The pair of samsung f/2.8 zooms looks quite interesting too, although i have mot seen mtf's or sample pics. I would have loved to get a really good EF-S 50-150/2.8 IS from Canon. 

I don't have many Samsung products except some top notch SSDs but they sure know their stuff. So far their NX line was too consumer-oriented to be of interest to me... But who knows, maybe that nx1 is going to cut it. At least its no mirrorslapper .


----------



## Logan (Sep 21, 2014)

wow internet hogwash level 9000.... go back to dpreview trolls.


----------



## Bob Howland (Sep 21, 2014)

Rob Carter said:


> I am a photographer and not a videographer. After viewing the Chuck Westhall video I was not really inspired to want to upgrade my 7D. We seem to have waited a long time for the 7D2 and I was expecting more 'must have' features.

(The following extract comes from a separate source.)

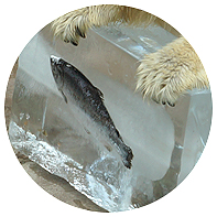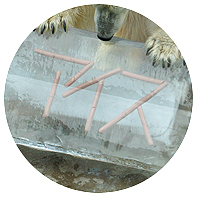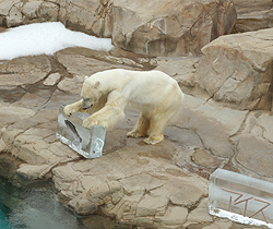 ![]() 「鮭」「ウインナー」「牛骨」、「リンゴ」入りの色鮮やかな氷(幅100cm×高さ56cm)が並べられ、ゆっくりと全ての氷を確認後、「アイス」が第1番目に選んだのが「鮭」入りの氷。 大きな前足で氷を抱え込むように倒して粉砕し、鋭いキバでお目当ての「鮭」に挑んでいきます。 多くのギャラリーはタオルで流れる汗をぬぐいながら、辛抱強くその様子を見守っていました。 |

+1, although I won't know for sure until I can process 7D2 raw images and compare them to comparable 7D images. I was hoping that the 7D2 would be mirrorless and capable of 24 full resolution images per second. At 18MP, that would require 432MP/Sec. The Samsung does 420MP/Sec.


----------



## neuroanatomist (Sep 21, 2014)

Bob Howland said:


> The Samsung does 420MP/Sec.



The Samsung is also saving 12-bit files during continuous shooting vs. the full 14-bits in single shot mode.


----------



## Monchoon (Sep 21, 2014)

sagittariansrock said:


> Aglet said:
> 
> 
> > sagittariansrock said:
> ...



I preordered as well but from Camera Canada. Will you be able to get all the extra stuff being that you are from the US? You will still get a good deal if your dollar stays at around 10%.


----------



## AvTvM (Sep 21, 2014)

dilbert said:


> neuroanatomist said:
> 
> 
> > Bob Howland said:
> ...



Hehehe ... Spot on!


----------



## rs (Sep 21, 2014)

neuroanatomist said:


> Bob Howland said:
> 
> 
> > The Samsung does 420MP/Sec.
> ...



I'd like to know what other shortcuts Samsung are taking to achieve 15fps. Many mirrorless cameras suffer from no viewfinder and no continuous AF at their highest frame rate.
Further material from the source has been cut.